> Activity:
Within the entries below, output exactly the lines between the line containing "BB-WS-05 FRENCH CUFFS" and the line containing "location Wheeler Army", inclusive, and omit any picture.

> Data for the task:
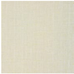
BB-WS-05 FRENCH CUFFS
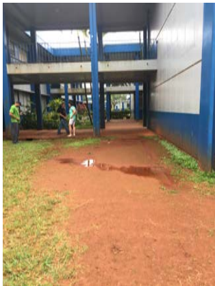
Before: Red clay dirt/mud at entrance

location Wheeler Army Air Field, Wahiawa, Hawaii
==
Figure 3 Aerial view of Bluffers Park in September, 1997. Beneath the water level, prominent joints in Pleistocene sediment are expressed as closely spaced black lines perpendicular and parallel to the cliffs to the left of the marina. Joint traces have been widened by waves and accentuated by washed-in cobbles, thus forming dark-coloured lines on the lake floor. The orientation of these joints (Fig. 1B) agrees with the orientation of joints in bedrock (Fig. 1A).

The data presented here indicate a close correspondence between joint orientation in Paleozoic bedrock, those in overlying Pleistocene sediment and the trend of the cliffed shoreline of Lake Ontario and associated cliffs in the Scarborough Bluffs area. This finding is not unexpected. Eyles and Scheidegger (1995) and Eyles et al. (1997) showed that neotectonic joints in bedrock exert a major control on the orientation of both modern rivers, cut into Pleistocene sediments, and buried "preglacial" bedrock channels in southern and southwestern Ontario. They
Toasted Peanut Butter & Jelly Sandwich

> Output of the exercise:
BB-WS-05 FRENCH CUFFS
Before: Red clay dirt/mud at entrance

location Wheeler Army Air Field, Wahiawa, Hawaii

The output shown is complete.